Brief Announcement: Generative Markov Model for Distributed Computing Systems
Title: Overview: A Generative Markov Model Approach for Distributed Computing Infrastructures
Abstract: New distributed computing frameworks, including the computing continuum, are characterized by their intrinsic complexity, stochasticity, and heterogeneity. To maximize the efficiency and effectiveness of resource utilization throughout these expansive systems, there is a critical need for a cohesive formal modeling approach. This paper introduces a comprehensive framework that represents distributed computing systems as a generative Markov model, structured around a defined system state. Within this architecture, the system state is broken down into high-dimensional variables, which are subsequently factorized by their individual components. This decomposition captures the sparse dependency patterns typical of distributed environments, resulting in a computationally tractable model. Consequently, the framework facilitates simulation, inference, and policy learning even when dealing with otherwise unmanageable system states, thereby connecting distributed computing with Markov chain theory and reinforcement learning (RL).

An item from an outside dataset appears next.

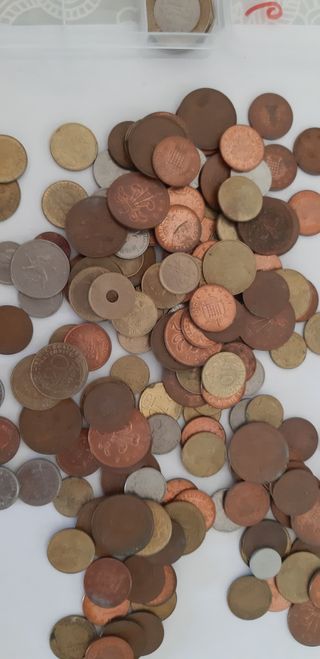 lote moneda algunas más de 40 años muy buscadas.mira las fotos. las tenía guardadas mas de 25 años de estas no hay en la calle.todo lo queseve en las fotos.creo que son más de 200 monedas.tienes que seleccionar una a una. para gente con paciencia.las fotos están en mi perfil.

The utility of this framework is illustrated through a case study focused on collaborative AI inference. In this scenario, a central server integrates its own computational power with resources contributed by service users. The findings indicate that as the system scales, centralized scheduling emerges as a performance bottleneck. In contrast, distributing computational tasks across user-owned devices leads to decreased latency and lower resource demands on the server. These results underscore the importance of adaptive decision-making mechanisms in distributed systems and validate the proposed framework’s effectiveness for modeling, simulation, and optimization purposes.